If he's a designer...
Sorry, ladies, but you might as well give up now. Designers crave control, which means that you'll probably be waiting another 10 years until he perfects the perfect cut. He'll design – and redesign – every aspect until it's flawless. And even though it might take awhile, it’ll be the most gorgeous ring you’ve ever laid eyes on.
Be prepared for a round cut diamond with a truly stunning band.
If he's a lawyer...
Get ready for something big and flashy – the kind that'll make all your friends green with envy. After all, he hasn't been studying case file after case file for nothing, right?
You can expect something in the realm of a radiant cut diamond, perhaps with accompanying stones.
If he's a politician...
Get ready to sport a rock that'll put The Rock to shame. Politicians are all about making a statement and trust us, your diamond will do all the talking.
Totally expect an emerald cut to be coming down the pipe.

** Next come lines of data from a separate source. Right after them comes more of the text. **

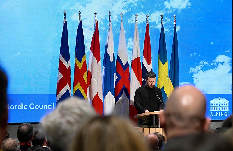 當地時間10月29日,冰島雷克亞未克,2024年北歐理事會會議期間,烏克蘭總統澤連斯基發表講話。 視覺中國
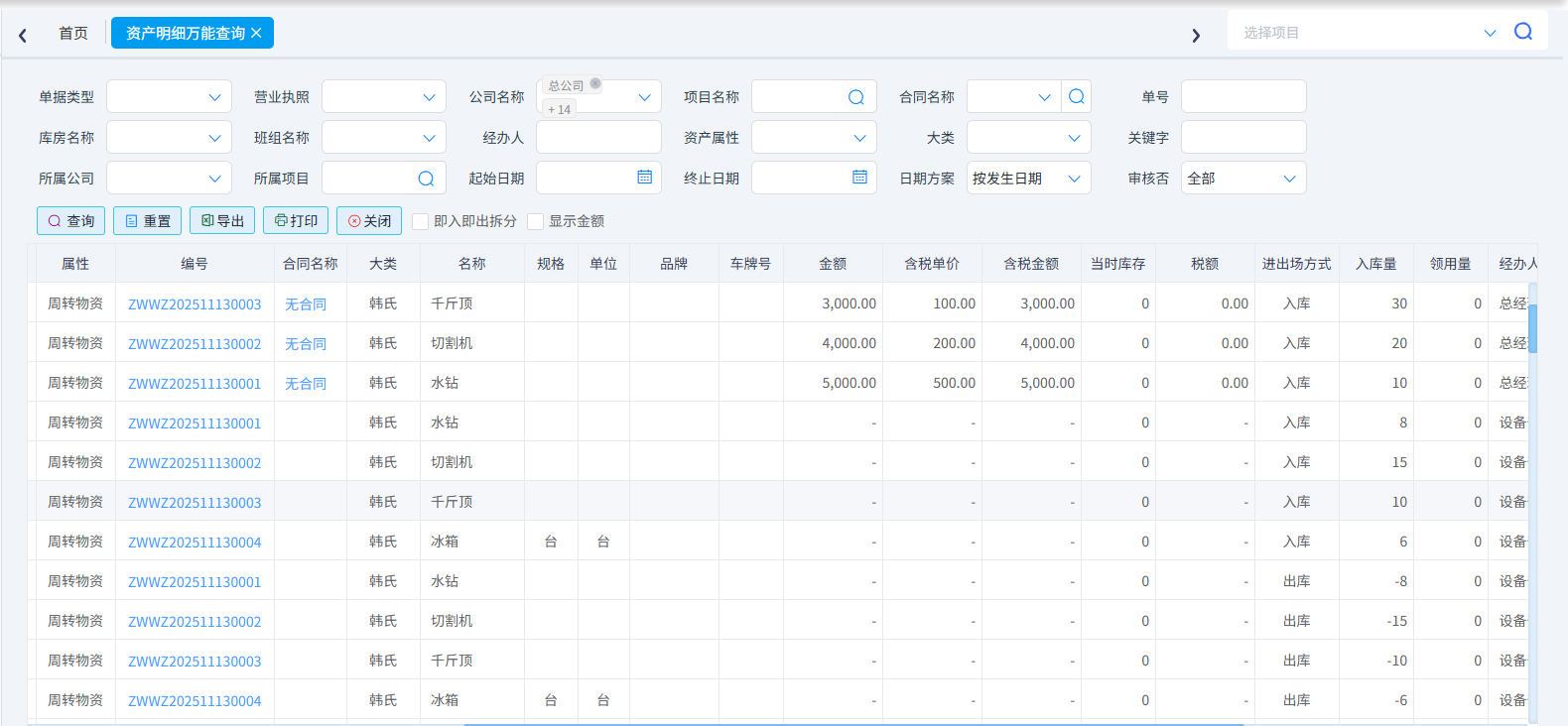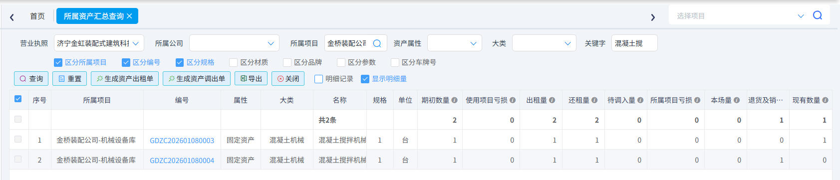 資產(chǎn)歸屬權(quán)項(xiàng)目的庫存量及租還情況進(jìn)行精準(zhǔn)查詢
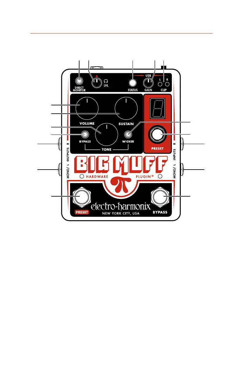 4. USB GAIN Knob Controls the signal level of the audio sent to the computer
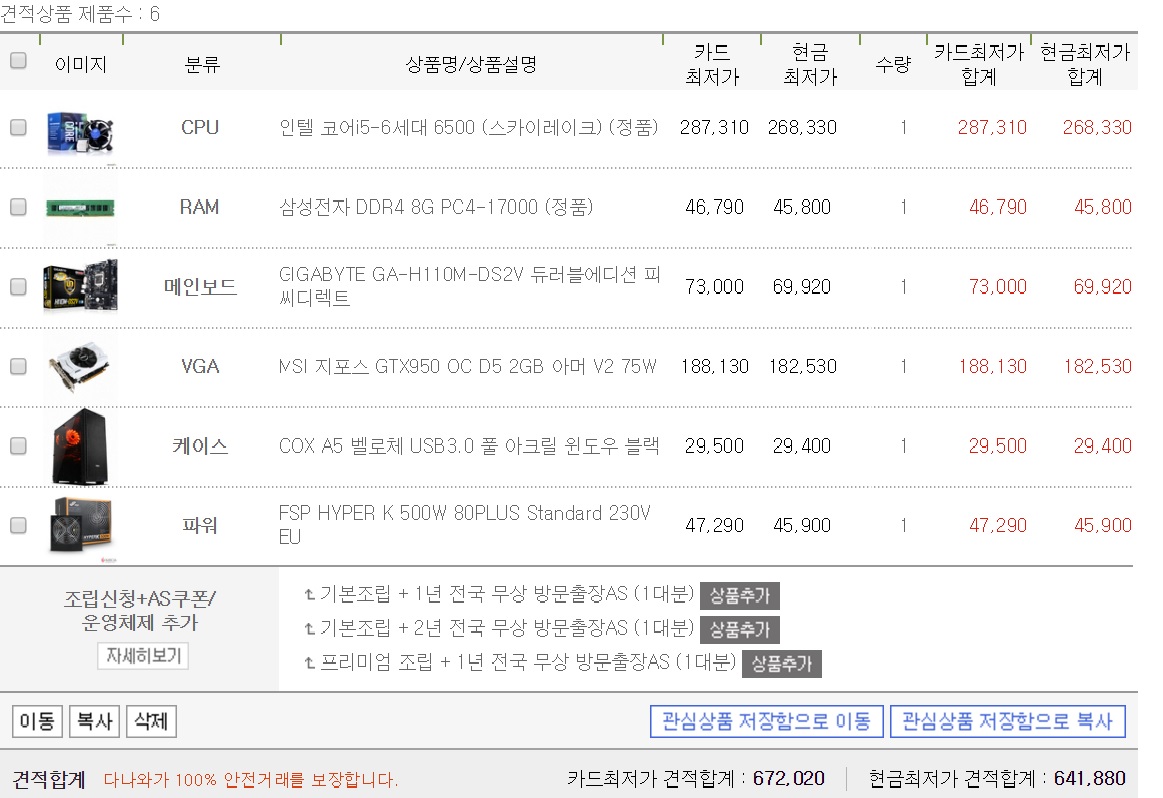 SSD는 원래있던거 사용하고 그래픽카드는 gtx 650있던거 그냥 쓸까하다가 75W짜리 보조전원 필요없는 그래픽카드로 한번 골라봤어요
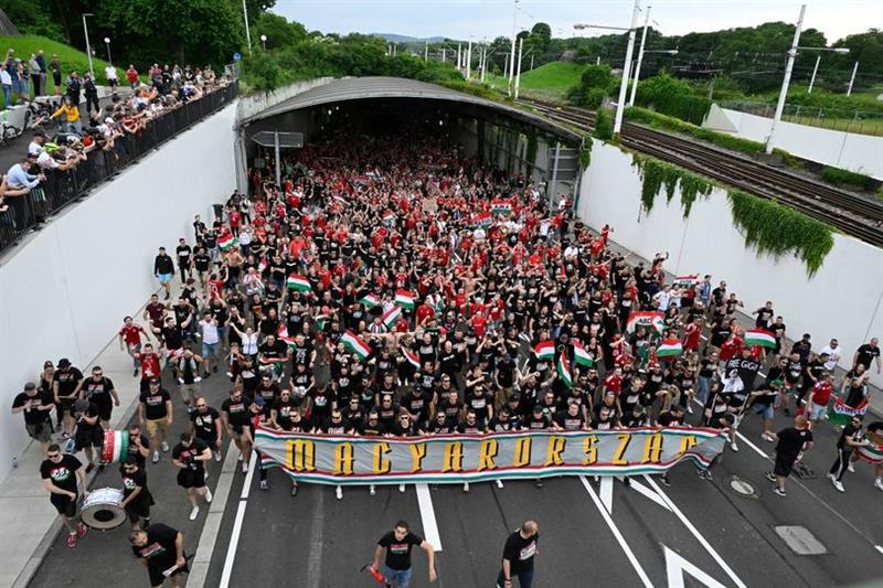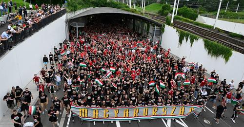 Magyar szurkolók vonulnak Stuttgartban 2024. június 23-án.

If he's a real estate agent…
When your guy does finally get down on one knee, you'll likely get a dissertation about your ring – and everything, down to point of origin to band to weight will have been accounted for.
A princess cut diamond is totally classic for a reason, and is most likely what will be resting on your finger for the next (hopefully) 60 years.
If he's a shop owner...
You and your partner likely stick to a really tight budget. You divvy out funds for all of life's needs: rent, bills, groceries, and never let a dime go to waste. Your ring will be something timeless and special – with a lot of meaning behind it – and 100 percent unique.
Something along the lines of an antique/cushion cut is probably in your future.
If he's a teacher...
Your teacher fiancé-to-be won't have a ton of cash to spare (and you're so frugal you'd be mad if he did!), so you can expect something heartfelt and simple – but far from basic.
You can most likely look forward to a tri-stone ring. Something simple, sweet, and from the heart.
If he's a doctor...
Doctors spend lots of time scrubbing in, so chances are your partner will know better than to get you a big clunky ring that's a hazard in the operating room. He'll likely opt for a super ritzy band with a personalized inscription.
Expect something along the lines of a halo band, potentially with a really knockout stone.